I do have block cloning enabled.

rpool  feature@block_cloning  active                 local

Enabled would not be a sign, but active -- may be. But you may also look how much you have cloned via zpool get all | grep bclone. It may not mean that specific files you delete are cloned, but it is possible.

[satmandu]

I also have it active, I believe as per

cat /sys/module/zfs/parameters/zfs_bclone_enabled
1

Looking further:

zpool get all rpool | grep bclone
rpool  bcloneused                     1.60G                          -
rpool  bclonesaved                    2.24G                          -
rpool  bcloneratio                    2.39x                          -

(Maybe that's just not enough to warrant this PR having any effect on my system.)

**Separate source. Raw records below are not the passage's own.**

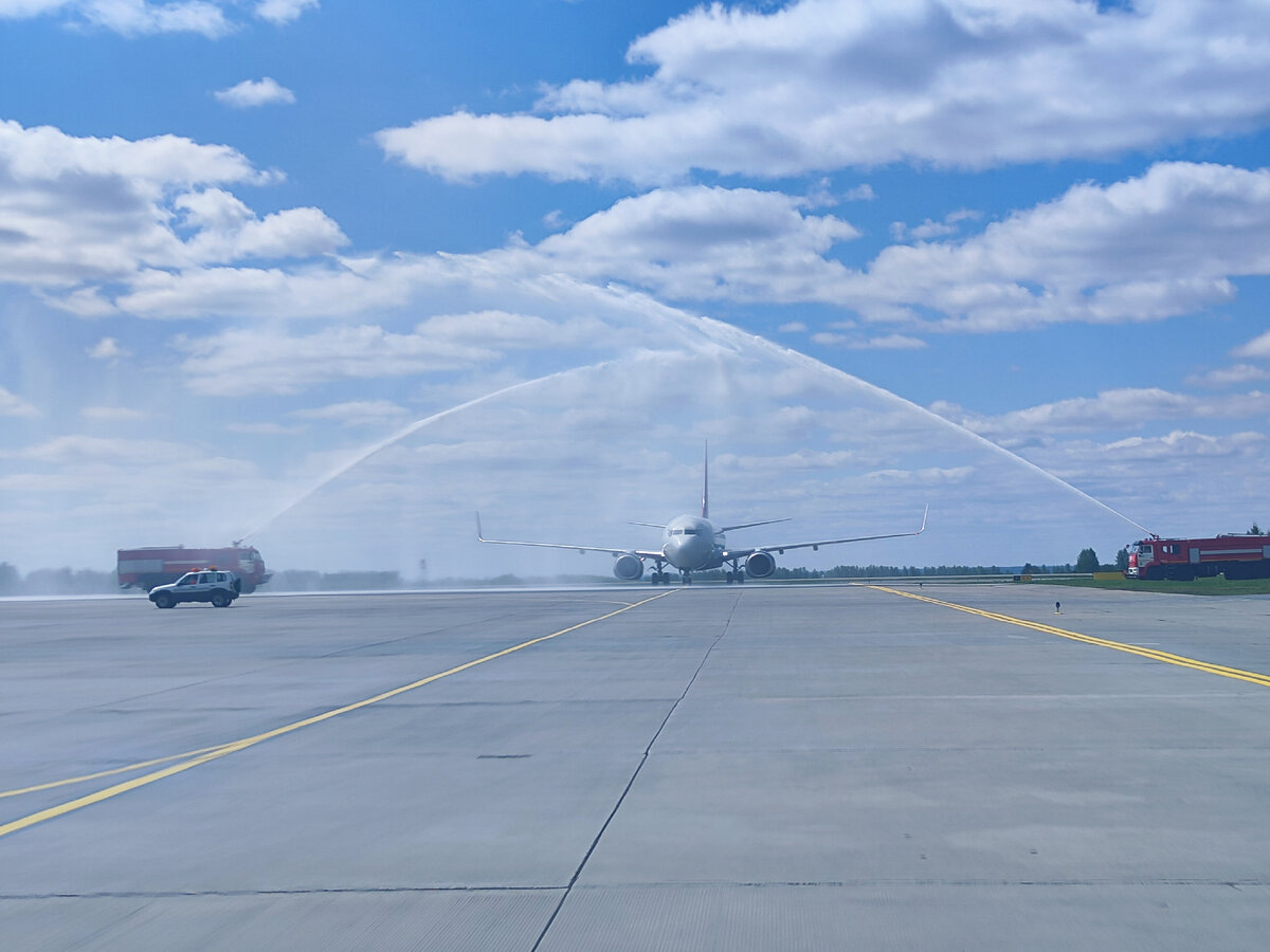 Во второй раз в жизни встречал самолет водной аркой. Эта традиция исполняется, когда новый рейс приходит в город. В первый раз это был маленький самолетик Wizz air, сейчас это были Nord Wind из Улан-Удэ. Прикол в том, что одновременно нужно было и снимать видео, и фотографировать.
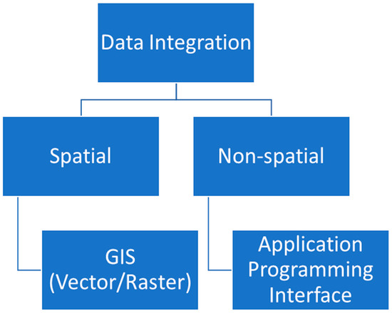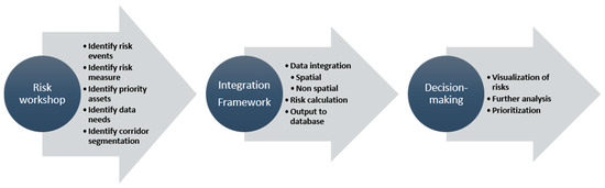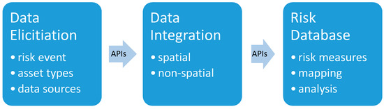 Figure 1 is a summary of the implementation process. It begins with data elicitation [14], which identifies what risk events are of interest to the agency, the assets being considered, and the sources of available data. This is followed by data integration, which involves spatial integration for data sources with spatial information and non-spatial data integration for data sources that can be linked by a unique identifier. Finally, this results in a risk management database that provides the basis for mapping or visualization and further analyses. The arrows in the diagram represents the application programming interface (API) that translates one process to the other. In the following sections, each process will be broken down.
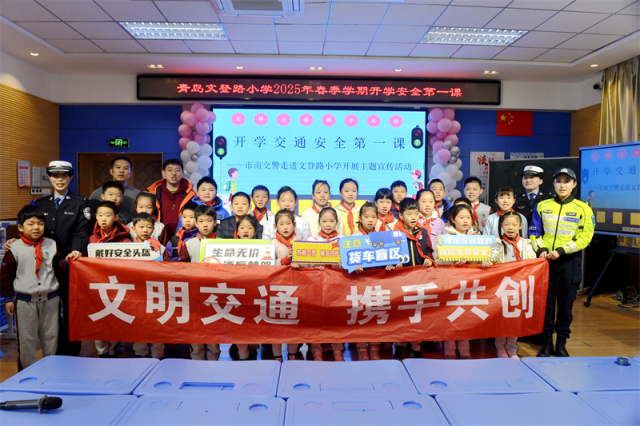 2025年春季新学期已经开启,为全力护航开学季,增强学生的自我保护意识,有效预防涉及学生交通事故的发生,青岛交警组织开展形式多样的交通安全主题宣传活动,共出动警力480余人次,走进中小学、幼儿园开展面对面讲解、交通手势展演、警用摩托演练、互动问答等活动,发放宣传材料1.3万余份,受教育人数12.4万余人次。
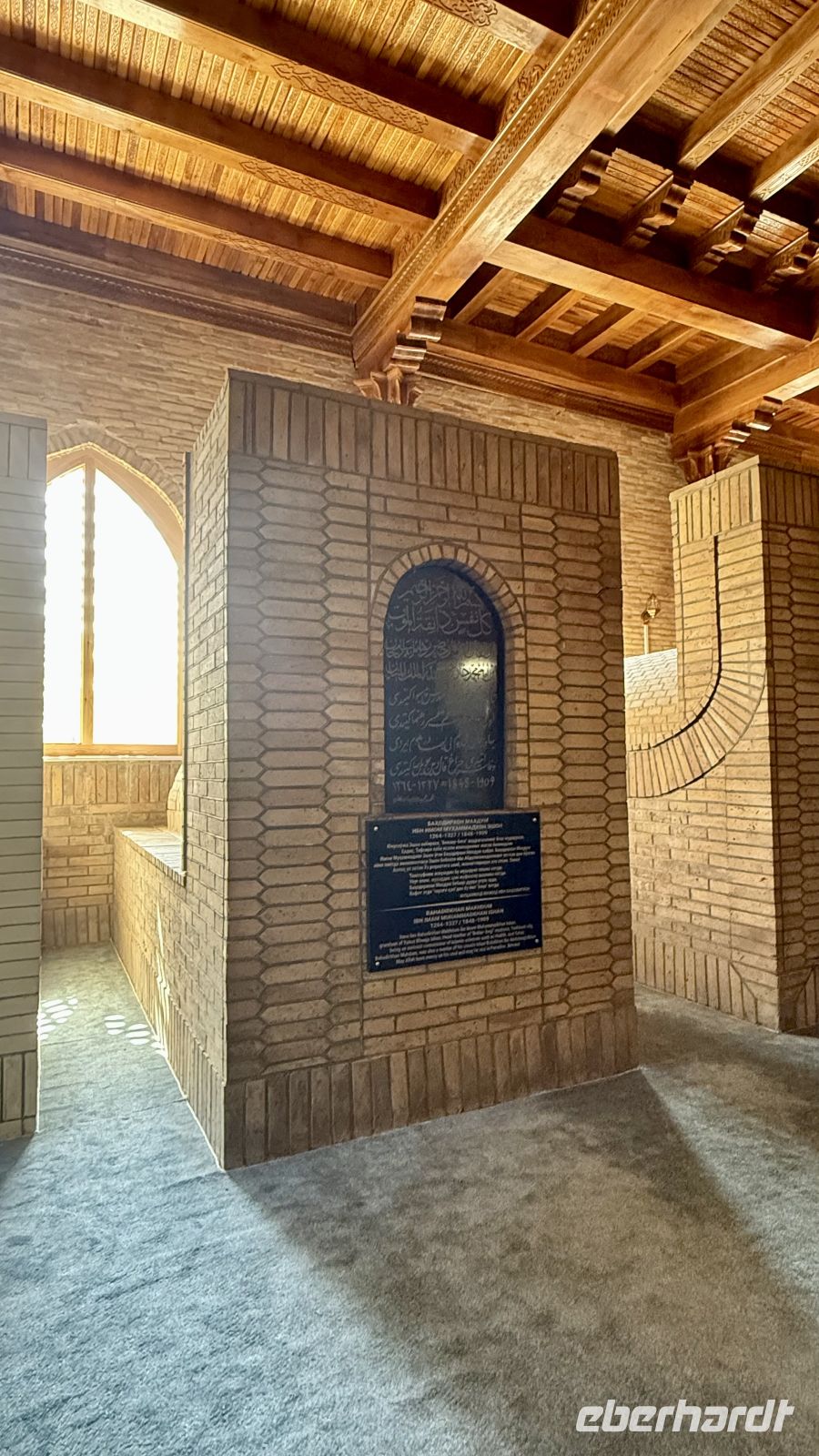 Wir verließen am Morgen die Stadt Buchara, um einige der bedeutendsten Sehenswürdigkeiten in der Umgebung zu besuchen. Unser erster Halt war das Mausoleum des Bahouddin Naqshbandi, einem der bekanntesten Sufi-Heiligen Zentralasiens und Gründer des Naqshbandiyya-Ordens, einer der größten Sufi-Bruderschaften der islamischen Welt. Er lebte im 14. Jahrhundert und predigte Bescheidenheit, innere Reinheit und die enge Verbindung zu Gott im Alltag. Die Anlage liegt etwa zehn Kilometer außerhalb von Buchara und ist bis heute ein wichtiger Wallfahrtsort für Muslime aus Usbekistan und weit darüber hinaus. Das Mausoleum beeindruckt mit seinen weißen Kuppeln, kunstvollen Mosaiken und der friedvollen Atmosphäre, die den gesamten Komplex umgibt. In den Innenhöfen sieht man Pilger, die betend um die Grabstätte schreiten oder Rosenblätter als Zeichen der Verehrung niederlegen.
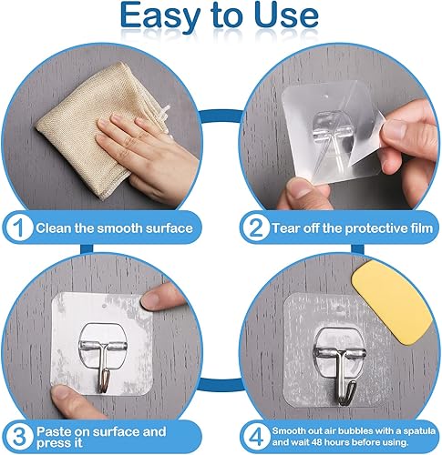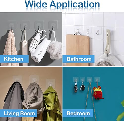 Weysoo Klebehaken Extra Stark, 4 Stück Haken Selbstklebend, Selbstklebende Haken Transparent, Wandhaken Selbstklebend, Haken Ohne Bohren, Klebehaken Decke für Bad Küche Büro Schlafzimmer
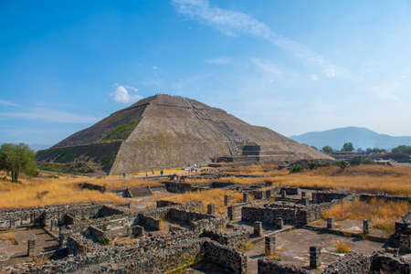 Beautiful architecture of Teotihuacan pyramids in Mexico. Landscape with beautiful blue sky.

Also, as an aside, looking at https://github.com/moby/moby/blob/master/vendor/golang.org/x/sys/unix/ioctl_linux.go, I see the use of both FICLONE, FICLONERANGE, and FIDEDUPERANGE if OpenZFS at some point supports that. So docker can use block cloning functionality on Linux if available.

[robn]

We usually consider deletes as netfree transactions, since they free more space than allocate. This though does not promise when exactly the space is freed, that I guess in theory may allow pool overflow. Sure things are already far from predictable in case of dedup or cloning, but as I have told, just a thought.

Yeah, it's a good thought. I agree not for this PR (at least, I think "just a thought" means that heh). I wonder if the answer will be something like, if an allocation (or transaction?) comes in that we can't fulfill, we check the freeing list and if its running, we wait, or we force it to free enough right now, or... something.

I was also thinking today that maybe if dnode_sync_free_range_impl() is freeing indirects, and they're higher than say L2 or L3, we could flag that through to dsl_dataset_block_kill() so that it only puts "very large" frees on the deadlist.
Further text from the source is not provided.